▸ **Data section**
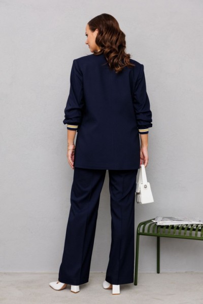 Жакет полуприлегающего силуэта, выполнен из костюмной ткани (не тянется) с отделкой из довяза на подкладке. Перед с нагрудными вытачками и настрочными клапанами. Застежка центральная на петли-пуговицы. Горловина оформлена воротником пиджачного типа с лацканом. Спинка со средним швом. Рукава втачные, двухшовные с мягкими складками и манжетой из довяза.
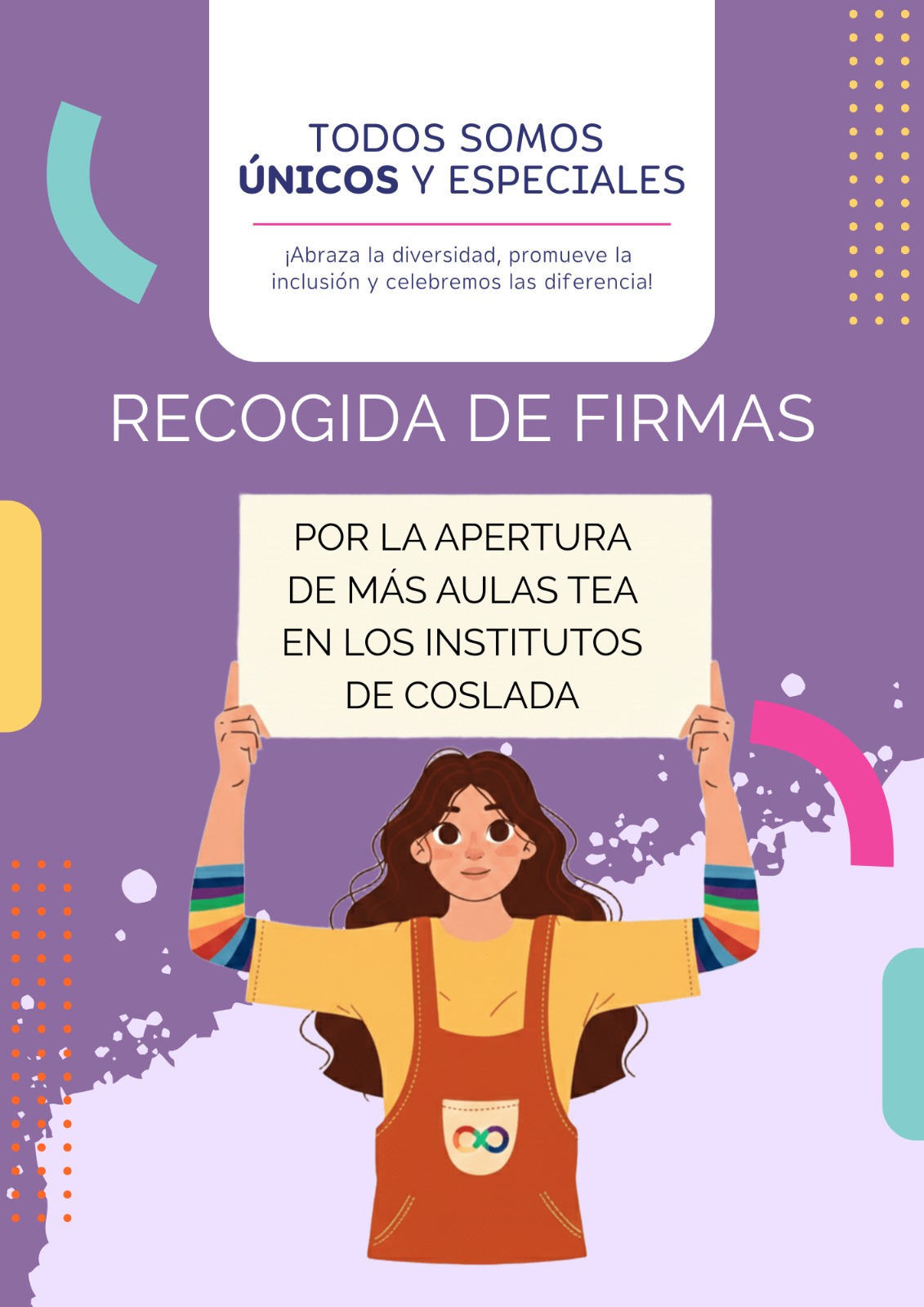 Os informaros que vamos a realizar una recogida de firmas junto con todas las AMPA de Coslada y otras entidades para solicitar a la Dirección de Área Territorial Este que pongan un aula TEA (aula para niños/as con Trastorno del Espectro Autista) en cada centro de secundaria o al menos en los institutos donde están adscritos los colegios que tienen dicha aula.
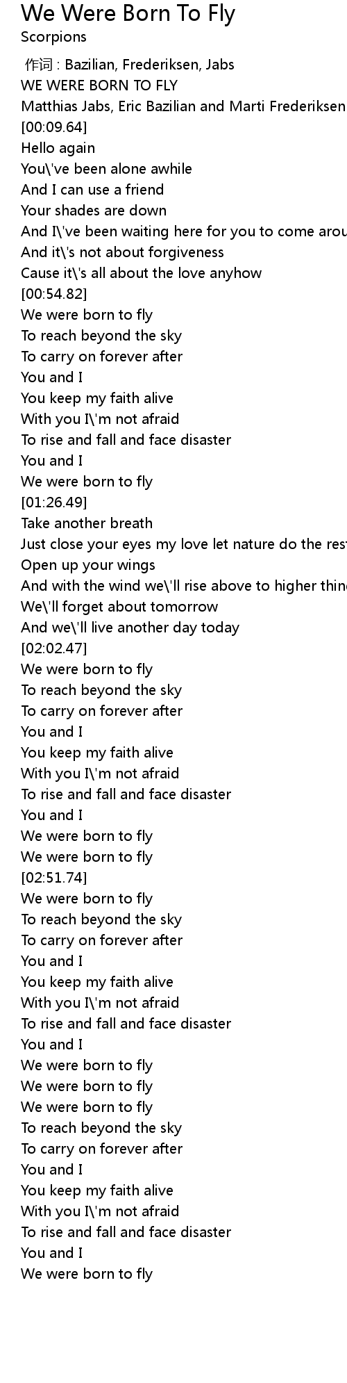 | [02:59.50] | We were born to fly |

▸ **Exercise**
Retype the listing exactly. Leave out its pictures.

▸ **Result for this task**
 Жакет полуприлегающего силуэта, выполнен из костюмной ткани (не тянется) с отделкой из довяза на подкладке. Перед с нагрудными вытачками и настрочными клапанами. Застежка центральная на петли-пуговицы. Горловина оформлена воротником пиджачного типа с лацканом. Спинка со средним швом. Рукава втачные, двухшовные с мягкими складками и манжетой из довяза.
 Os informaros que vamos a realizar una recogida de firmas junto con todas las AMPA de Coslada y otras entidades para solicitar a la Dirección de Área Territorial Este que pongan un aula TEA (aula para niños/as con Trastorno del Espectro Autista) en cada centro de secundaria o al menos en los institutos donde están adscritos los colegios que tienen dicha aula.
 | [02:59.50] | We were born to fly |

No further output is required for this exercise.